I'm trying to convert a UTF-8 string
to a ISO-8859-1 char*
for use in legacy code. The only way I'm seeing to do this is with iconv
.
I would definitely prefer a completely string
-based C++ solution then just call .c_str()
on the resulting string.
How do I do this? Code example if possible, please. I'm fine using iconv
if it is the only solution you know.
I'm going to modify my code from another answer to implement the suggestion from Alf.

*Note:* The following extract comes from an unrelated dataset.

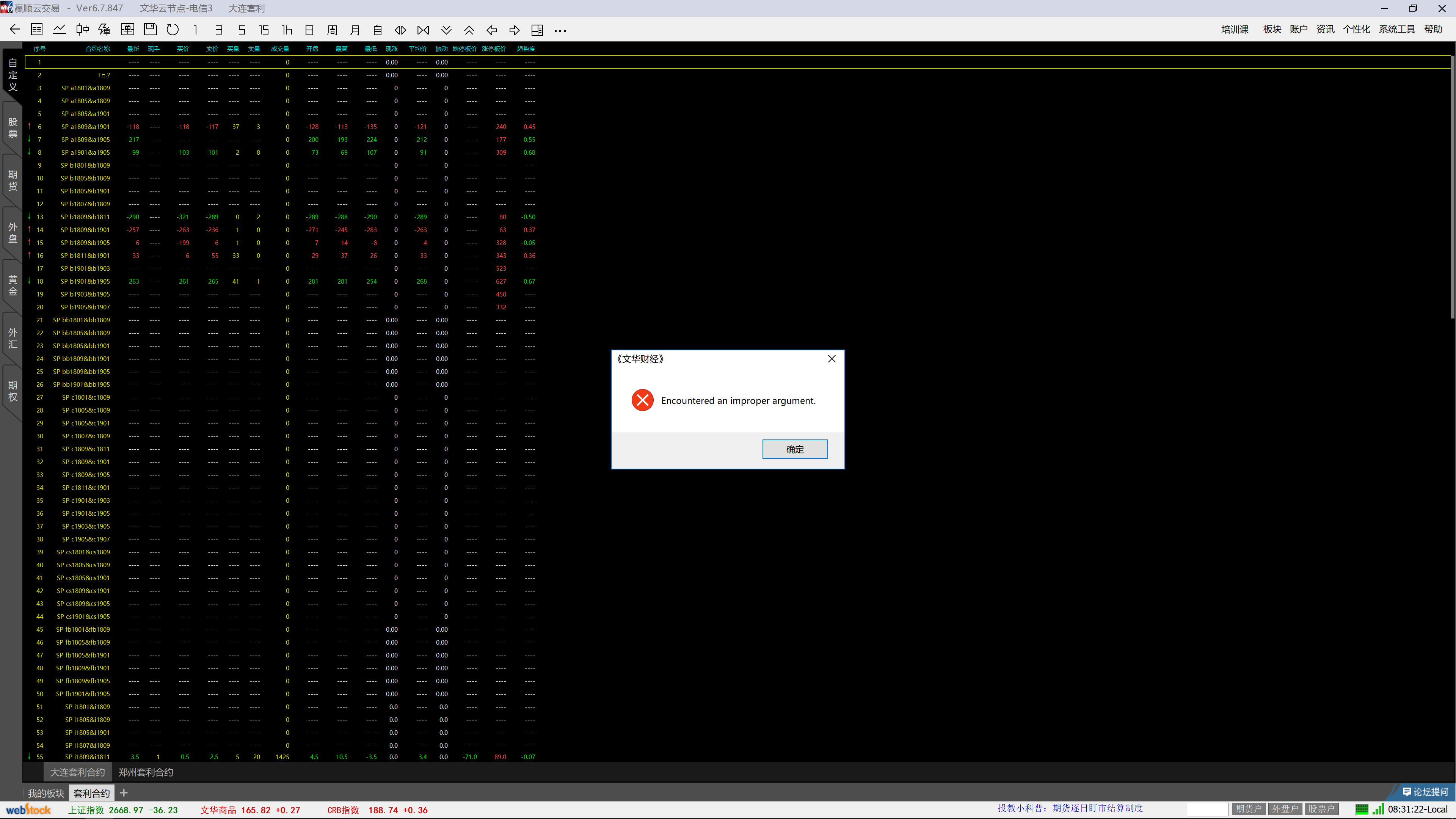 投资者咨询:encountered an improper argument ! 文华财经 (文华财经WH6赢顺V6.7)

std::string UTF8toISO8859_1(const char * in)
{
std::string out;
if (in == NULL)
return out;
unsigned int codepoint;
while (*in != 0)
{
unsigned char ch = static_cast<unsigned char>(*in);
if (ch <= 0x7f)
codepoint = ch;
else if (ch <= 0xbf)
codepoint = (codepoint << 6) | (ch & 0x3f);
else if (ch <= 0xdf)
codepoint = ch & 0x1f;
else if (ch <= 0xef)
codepoint = ch & 0x0f;
else
codepoint = ch & 0x07;
++in;
if (((*in & 0xc0) != 0x80) && (codepoint <= 0x10ffff))
{
if (codepoint <= 255)
{
out.append(1, static_cast<char>(codepoint));
}
else
{
// do whatever you want for out-of-bounds characters
}
}
}
return out;
}
Invalid UTF-8 input results in dropped characters.